Bug 1309300

Summary: [scale] - vdsm initialization timeout (on master machine with 144 cores and vm per core)
Product: [oVirt] vdsm Reporter: Eldad Marciano <emarcian>
Component: CoreAssignee: Yaniv Bronhaim <ybronhei>
Status: CLOSED INSUFFICIENT_DATA QA Contact: Eldad Marciano <emarcian>
Severity: medium Docs Contact:
Priority: unspecified    
Version: 4.17.20CC: bugs, emarcian, gklein, oourfali
Target Milestone: ovirt-4.0.0-alphaFlags: oourfali: ovirt-4.0.0?
rule-engine: planning_ack?
rule-engine: devel_ack?
rule-engine: testing_ack?
Target Release: ---   
Hardware: x86_64   
OS: Linux   
Whiteboard:
Fixed In Version: Doc Type: Bug Fix
Doc Text:
Story Points: ---
Clone Of: Environment:
Last Closed: 2016-03-13 07:30:42 UTC Type: Bug
Regression: --- Mount Type: ---
Documentation: --- CRM:
Verified Versions: Category: ---
oVirt Team: Infra RHEL 7.3 requirements from Atomic Host:
Cloudforms Team: --- Target Upstream Version:

Description Eldad Marciano 2016-02-17 12:20:03 UTC
Description of problem:
when restarting (vdsm start) on master machine with 144 cores and vm per core.
vdsm pre-start \ initialization failed due to systemd TimeOutStartSec=90.

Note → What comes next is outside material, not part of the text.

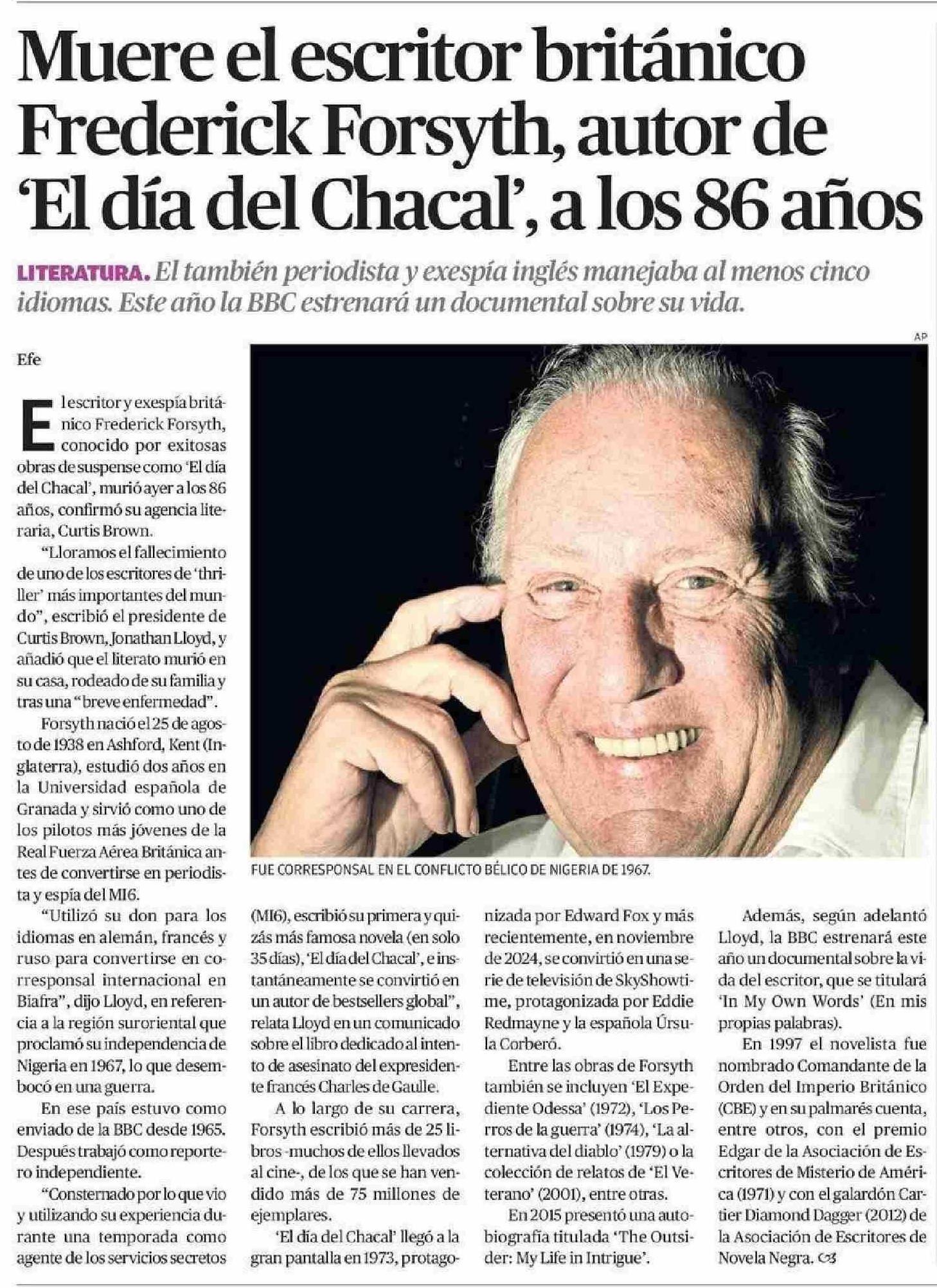 | Título: | Muere el escritor británico Frederick Forsyth, autor de “El día del Chacal” a los 86 años |

when it failed systemctl status and journal print this:
Active: activating (start-pre) since Wed 2016-02-17 05:57:46 EST; 136ms ago
Process: 113343 ExecStopPost=/usr/libexec/vdsm/vdsmd_init_common.sh --post-stop (code=exited, status=0/SUCCESS)
Main PID: 96235 (code=exited, status=0/SUCCESS);         : 127024 (vdsmd_init_comm)
    CGroup: /system.slice/vdsmd.service
            └─control
              ├─127024 /bin/sh /usr/libexec/vdsm/vdsmd_init_common.sh --pre-start
              └─127030 /usr/bin/python /usr/share/vdsm/get-conf-item /etc/vdsm/vdsm.conf irs repository /rhev/


Once the TimeOutStartSec extended to 500sec, vdsm start correctly

seems like the pre start and init hit the performance under this such of scale.

not sure if vdsm support profiling around this area since it is pre-start of the vdsm itself.

Version-Release number of selected component (if applicable):
vdsm-4.17.20-0.el7ev.noarch

How reproducible:
100%

Steps to Reproduce:
1. extreme host with large ram and more than 100 cores.
2. run vm per core.


Actual results:
vdsm failed to start due to TimeOutStartSec

Expected results:
optimize the initialization stage.

Additional info:

further investigation required - profiler results.
there is no such a data in the vdsm logs, since the init stage failed may other logs have some useful lines

Comment 1 Dan Kenigsberg 2016-02-17 13:45:49 UTC
Please attach /var/log/vdsm/* so we can tell what eats so much time during boot.

Comment 2 Dan Kenigsberg 2016-02-17 13:46:42 UTC
(and /var/log/messages as well)

Comment 3 Oved Ourfali 2016-02-24 11:26:06 UTC
Currently targeting to 4.0.
We will re-examine once we get more details.

Comment 4 Oved Ourfali 2016-03-13 07:30:42 UTC
Please re-open if still relevant, and give access to the environment and relevant logs.